Effect of Human Myeloperoxidase on Ca2+-response, Membrane Conductivity and Phosphatidylserine Exposure on Platelet Surface

E. Shamova¹, A. Kokhan¹, I. Gorudko¹, D. Grigorieva¹, F. Balabin², A. Sokolov^3,4, A. Sveshnikova²

¹Belarusian State University, Minsk, Belarus, ²Lomonosov Moscow State University, Moscow, Russian Federation, ³Instutute of Experimental Medicine, St.Petersburg, Russian Federation, ⁴Federal Research and Clinical Center of Physical‐Chemical Medicine of Federal Medical Biological Agency, Moscow, Russian Federation

Abstract Number: PB1839

Meeting: ISTH 2020 Congress

Theme: Role of Hemostatic System in Cancer, Inflammation and Immunity » Platelets and Inflammation

Background: Activation of the immune system strongly influences blood coagulation and pathological thrombus formation. Antimicrobial agents that are released during leukocyte degranulation can directly activate platelets and induce the coagulation cascade. Myeloperoxidase (MPO) is an enzyme that is contained in azurophilic granules of neutrophils. Recently MPO was shown to potentiate platelet aggregation, so it may contribute to pathological thrombosis during inflammation, but the mechanism is poorly understood.
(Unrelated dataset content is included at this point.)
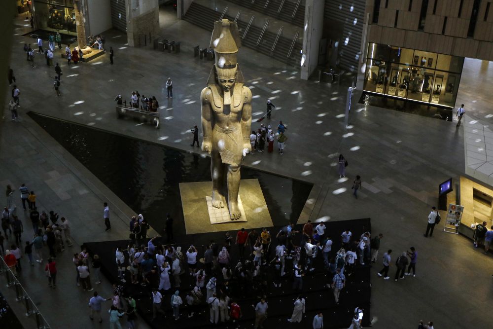 11月4日,大埃及博物館正式向公眾開(kāi)放。這是古埃及法老拉美西斯二世巨像。新華社發(fā)(艾哈邁德·戈馬攝)

Aims: To investigate MPO binding to platelet membrane and to assess MPO effect on primary platelet signaling (cytosolic Ca²⁺concentration, membrane potential and ionic currents, phosphatidylserine (PS) exposure on platelet surface).

Methods: Platelets were isolated from citrate-stabilized blood from healthy volunteers. Single channel ionic currents were registered using patch-clamp technique in a voltage-clamp mode. Platelet calcium responses were measured by TIRF miscroscopy using CalBryte 590. PS exposure was measured by flow cytometry using annexin V-Alexa Fluor 647.
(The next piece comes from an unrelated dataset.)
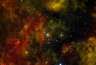Magnifique image composite capturée dans plusieurs longueurs d’onde par les télescopes spatiaux Chandra (rayonnement x), Spitzer (rayonnement infrarouge) et le télescope terrestre Isaac Newton (visible). On peut admirer au milieu des lambeaux de nuages moléculaires, déchirés, creusés et érodés, l’influence de l’amas d’étoiles stellaire Cygnus OB2. Situé à environ 5 000 années-lumière de nous (en direction de la constellation du Cygne), il est peuplé en grande majorité d’étoiles des familles spectrales (type spectral) O et B, massives et très chaudes ! Sur les 1 700 sources détectées dans le rayonnement x par le satellite Chandra, environ 1 500 appartiennent aux étoiles de l’essaim : 60 ont été identifiées pour la catégorie O et 1 000 pour la catégorie B. Les chercheurs souhaitent comprendre la formation et l’évolution de ces attroupements d’étoiles particulièrement massifs. Celui-ci est impressionnant, il équivaut à 30 000 fois la masse du Soleil ! Peuplé d’étoiles très jeunes, âgées de 1 et 7 millions d’années, certaines ont déjà brulées toutes leurs réserves d’hydrogène et explosées en supernova ! Ce qui n’est pas sans conséquence sur l’environnement et la nébuleuse qui les a vu naitre. Le sondage réalisé dans l’infrarouge avec le télescope Spitzer montre que peu d’étoiles de l’amas sont ceintes de disques de poussières.

Results: MPO (100 nM) increased frequency (2-fold) and duration of calcium oscillations compared to the basal level. This effect was accompanied by plasma membrane hyperpolarization by 10-15 mV. To inactivate voltage-gated potassium channels patch was hyperpolarized and registration of single channel events was performed. It revealed MPO-induced currents from 7 to 20 nSm (outward Cl^– or inward K⁺ movement) in Ca²⁺-containing KCl and K-aspartate solutions, indicating the involvement of Ca²⁺-dependent chloride and potassium channels. Since platelet procoagulant activity closely relates to its calcium response, we next examined the effect of MPO on PS exposure on platelet surface. At MPO concentrations higher than 100 nM there was a significant increase in number of PS-positive platelets.

Conclusions: Obtained results indicate that MPO binding to platelets increases the rate of calcium oscillations as well as Ca²⁺-dependent ionic permeability that may lead to exposure of a procoagulant platelet surface. This suggests possible targets for regulation of platelet response at sites of inflammation.

To cite this abstract in AMA style:

Shamova E, Kokhan A, Gorudko I, Grigorieva D, Balabin F, Sokolov A, Sveshnikova A. Effect of Human Myeloperoxidase on Ca²⁺-response, Membrane Conductivity and Phosphatidylserine Exposure on Platelet Surface [abstract]. Res Pract Thromb Haemost. 2020; 4 (Suppl 1). https://abstracts.isth.org/abstract/effect-of-human-myeloperoxidase-on-ca2-response-membrane-conductivity-and-phosphatidylserine-exposure-on-platelet-surface/. Accessed September 27, 2023.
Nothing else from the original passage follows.